__WORK TASK__:
What are the lines, copied exactly, from the one containing "4月18号,据美国媒体报道,艾伦名下节目" through the final line of the material? Leave the pictures out.

__THE DATA__:
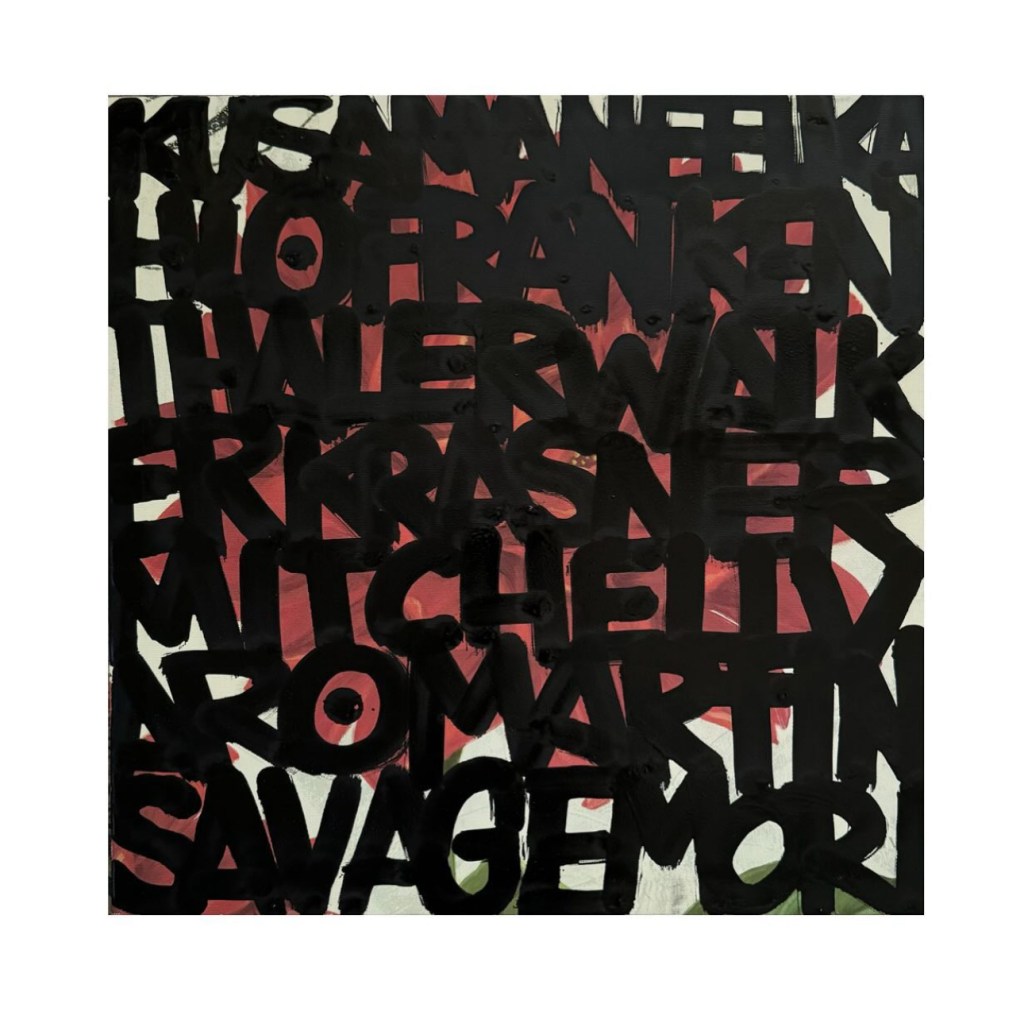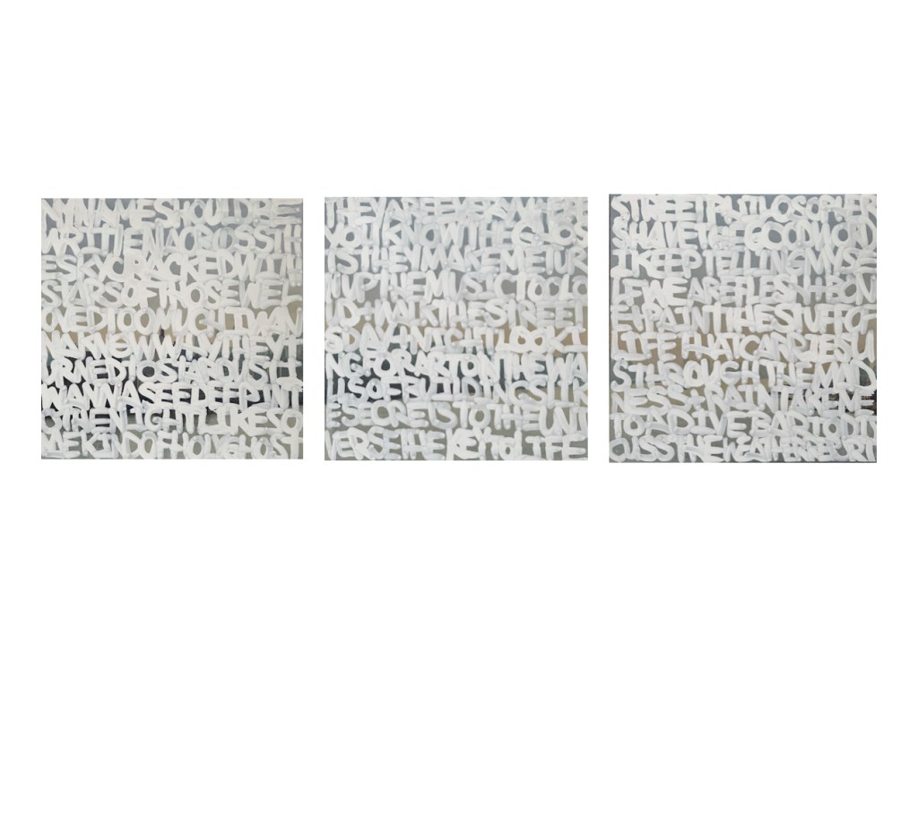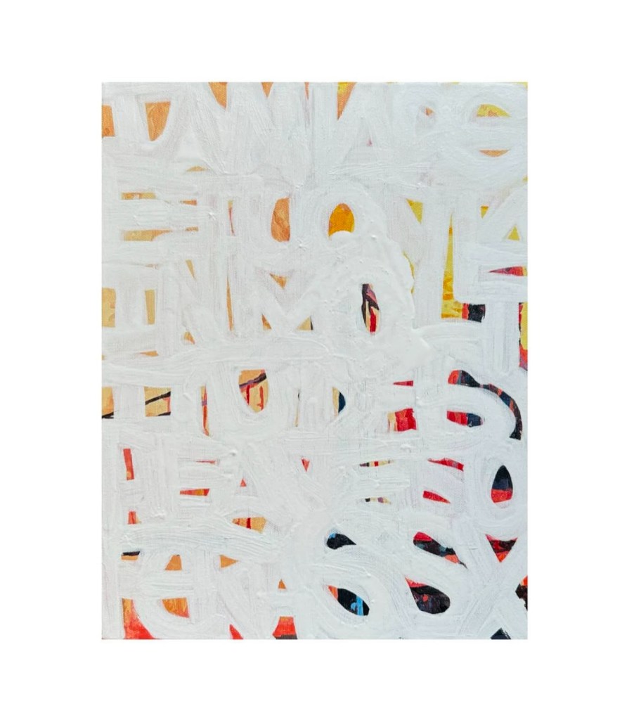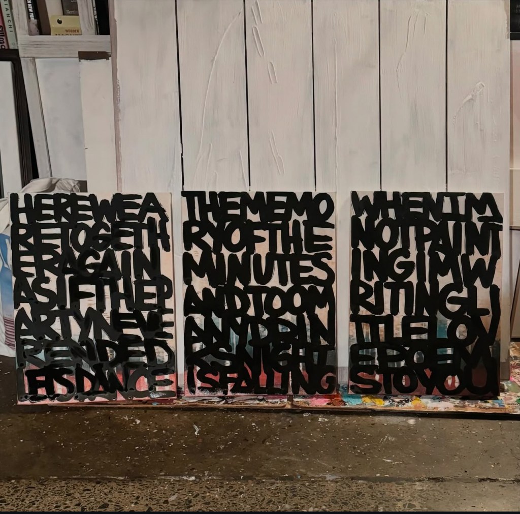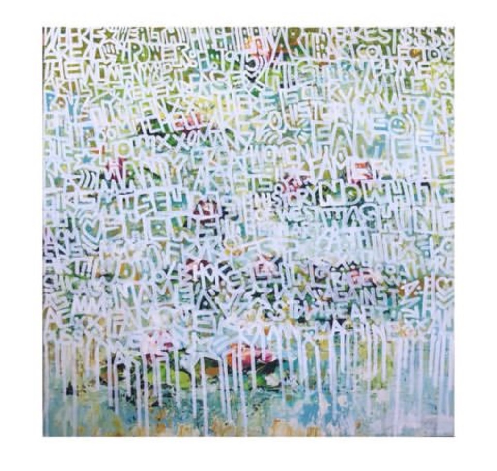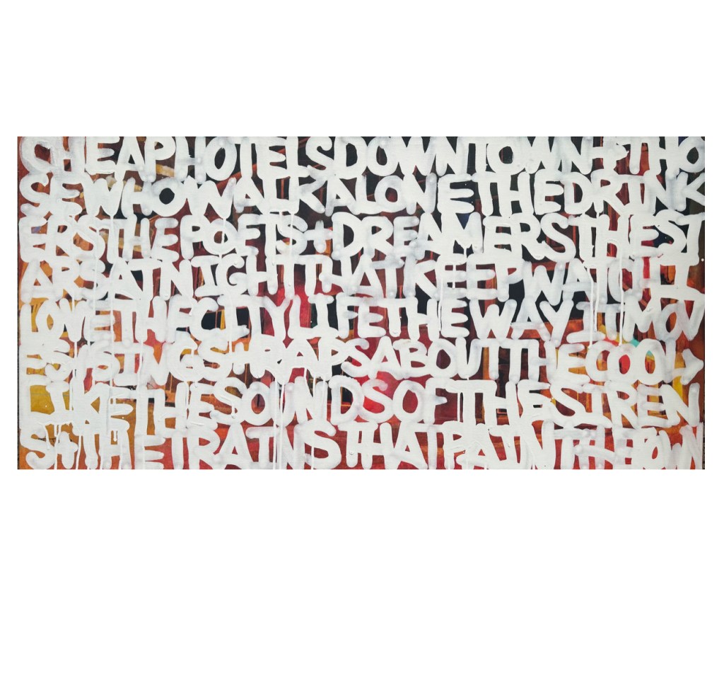 I’ve been working on more abstract word paintings that list names and also poems. I’m interested in exploring how letters and words (even graffiti) can become their own forms of art in paintings on traditional mediums like canvas.
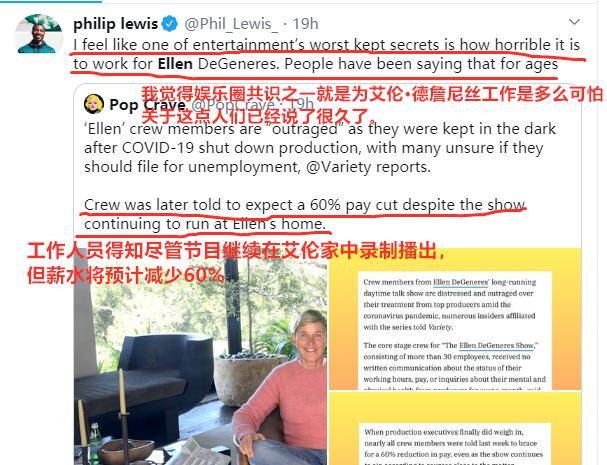 4月18号,据美国媒体报道,艾伦名下节目《艾伦秀》的员工对疫情期间的薪资以及团队缺乏沟通等问题十分不满,并为此感到愤怒。
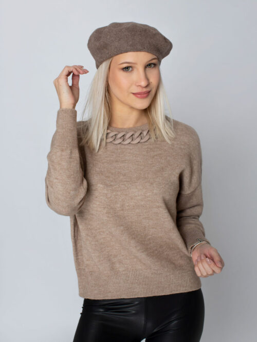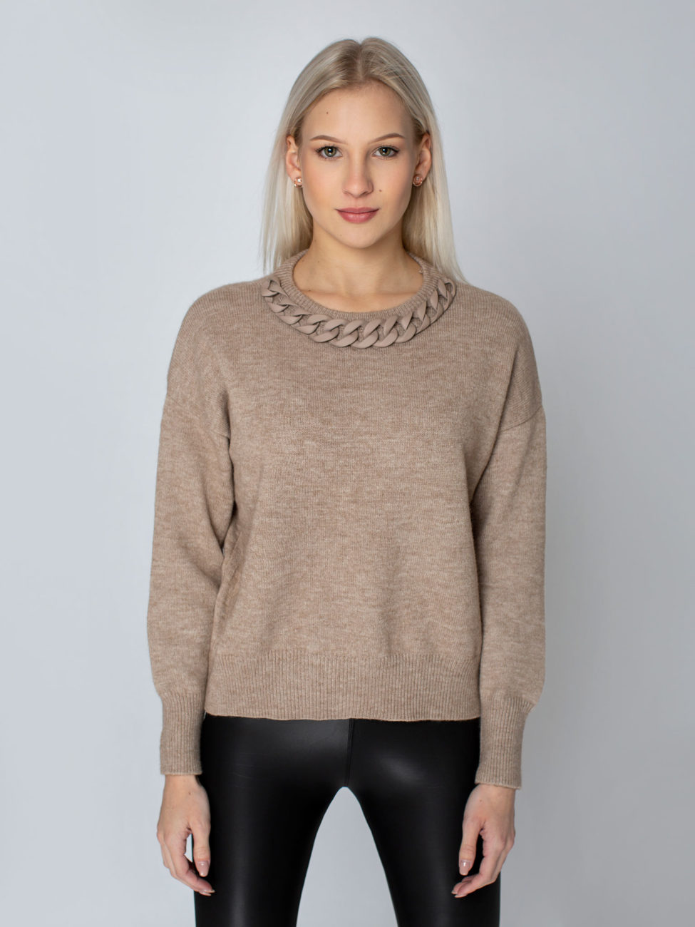 Dámsky sveter v hnedej farby kratšieho strihu. Sveter má okrúhly výstrih ozdobený decentnou reťazou okolo. Rukávy sú ukončene patentom.

__FINISHED EXERCISE__:
 4月18号,据美国媒体报道,艾伦名下节目《艾伦秀》的员工对疫情期间的薪资以及团队缺乏沟通等问题十分不满,并为此感到愤怒。
 Dámsky sveter v hnedej farby kratšieho strihu. Sveter má okrúhly výstrih ozdobený decentnou reťazou okolo. Rukávy sú ukončene patentom.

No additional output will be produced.